|Man Without Qualities|
Thursday, August 15, 2002
The Wall Street Journal reports:
Federal prosecutors are pressing ahead with their criminal investigation of Mr. Skilling and other top Enron officials, in recent weeks bringing in several lower-level executives to testify before a Houston grand jury. Mr. Skilling, a subject of the probe, potentially could face securities-fraud and perjury charges, lawyers familiar with the matter said.
Certainly some activity suggests more enthusiasm on the part of the prosecutors than no activity would. So the Man Without Qualities may have been premature is detecting despair in the Department of Justice. But while there can always be surprises, it seems unlikely that the main criminal charges of which Mr. Skilling might be charged can likely be proved with testimony of lower-level executives. Of course, it is always possible that the prosecutors may uncover some other crime that can be proved that way: Al Capone did not serve time for murder or bootlegging. And that could help them bring pressure on Mr. Skilling.
Despite some silly statements by the prosecutors (and some fawning media) following their disastrous "win" of the Andersen conviction that "momentum" would force upper-level suspects to turn, nothing of the sort is reported to have happened. Unless one of the upper level suspects begins to cooperate with the prosecutors, the focus on lower-level executives seems more suggestive of desperation than confidence on the prosecutors' part. And the prosecutors' willingness to allow the SEC civil investigation to become more active recently is also not a positive sign in a case of this type, where the Justice Department is attempting to impose pressure on the criminal suspects and should desire complete control, at least if there is serious hope of bringing criminal charges that will stick.

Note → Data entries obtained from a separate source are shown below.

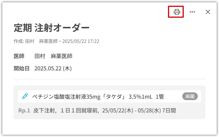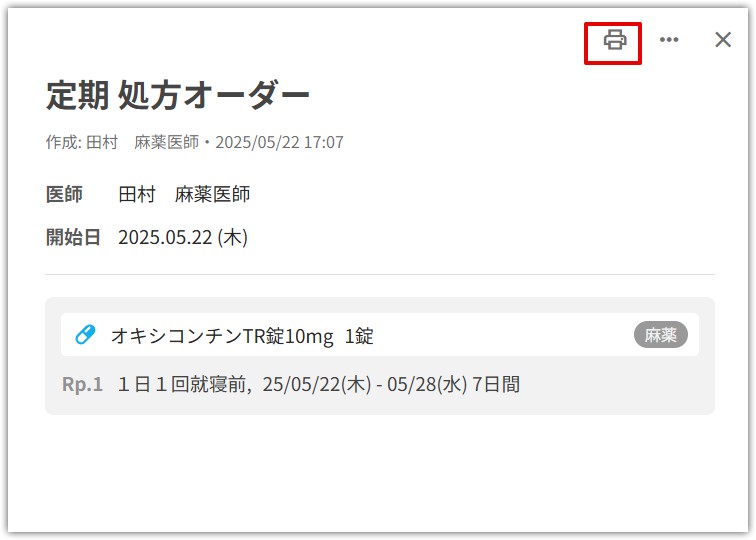 印刷マーククリック後、院内麻薬処方箋が出力可能となります。
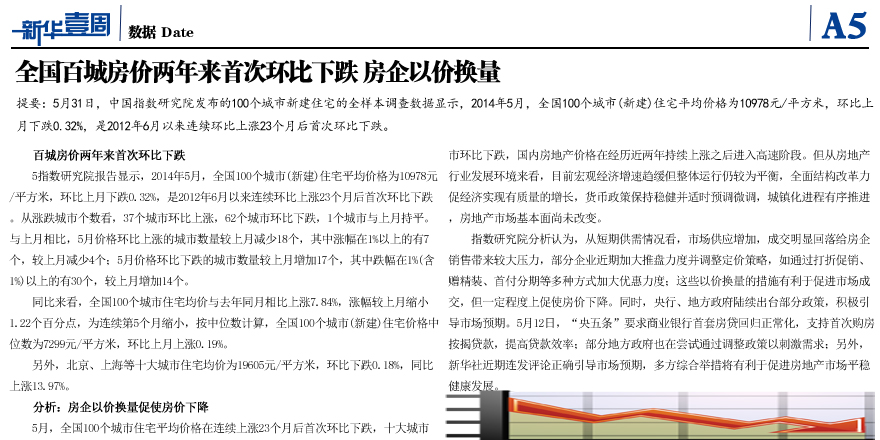 全國百城房價兩年來首次環比下跌
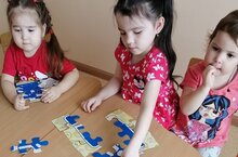 С целью закрепления и систематизирования представления детей о знаках дорожного движения, их назначении, в подборе подходящих по форме и цвету фрагментов рисунка дорожного знака и складывании их в целое изображение, развивать память, связную речь, логическое мышление, пространственную ориентировку, внимание, мелкую моторику рук в режимных моментах собираем пазл.
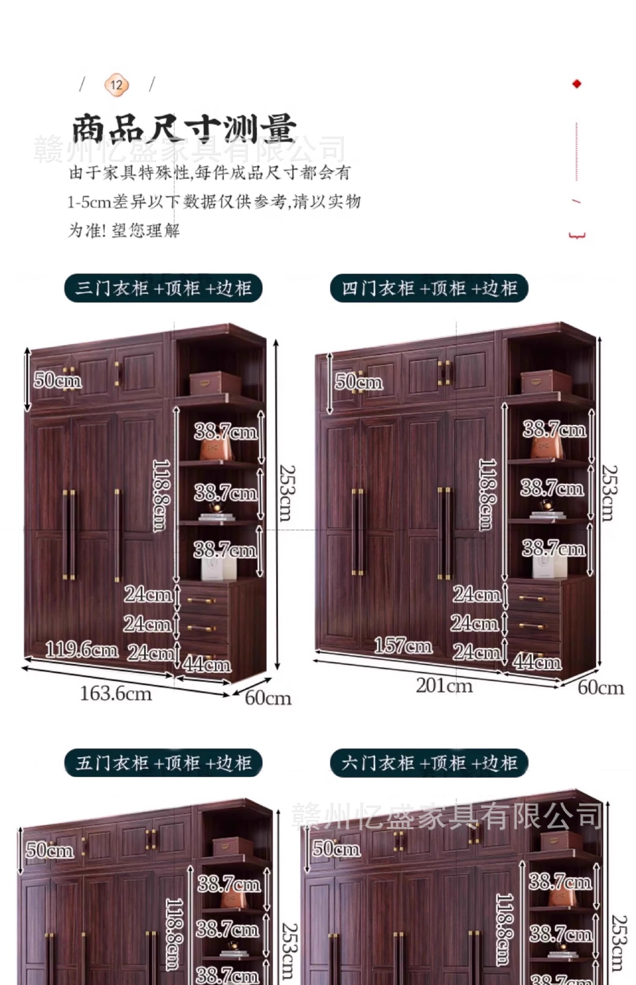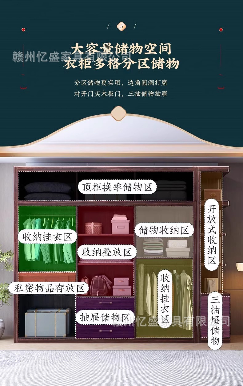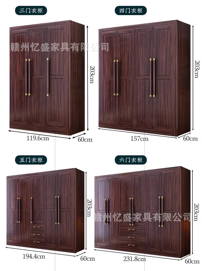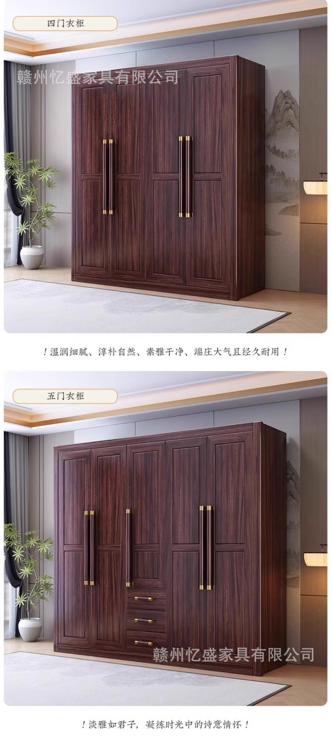새로운 중국 스타일의 검은 나무 단단한 나무 옷장 대용량 침실 수납 옷장 현대적인 간단한 크기의 가족 옷장
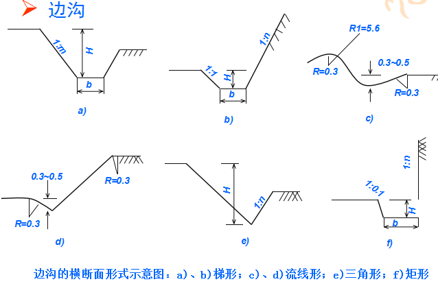 橫斷面:一般為梯形,溝的邊坡坡度,因巖土條件而定,一般采用1:1.0~1:1.5。溝底寬度b不小于0.5m,溝深h按設(shè)計流量而定,亦不應(yīng)小于0.5m。
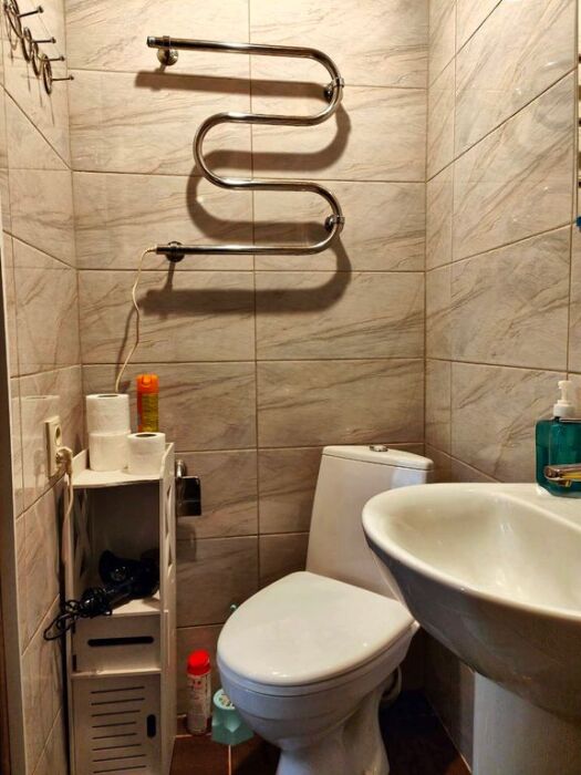 Санузел общий. В душевых есть гигиенические принадлежности и фен, полотенце.

A "low level" focus is better than nothing, and even "low level" grand jury activity should deflect the inevitable election-inspired charges that the Bush administration is allowing the criminal investigation to lapse. But for that very reason, it's hard to make much of this activity. For while I have no doubt that the Department of Justice would love to prosecute at least some Enron officials, I have seen nothing that suggests that is possible at this time. But even if the Department of Justice has despaired of bringing criminal charges, they surely would have enough sense to kick up some dust in the weeks before an election. Such dust could be kicked in perfectly good faith just by calling lower-level executives to the grand jury to see what they have to say under oath, even if nothing much is expected to come of it.
Of course, the prosecutors could almost certainly indict every Enron officer and board member right now. Conviction could be a quite different and potentially quite embarrassing matter - as the Andersen case demonstrated.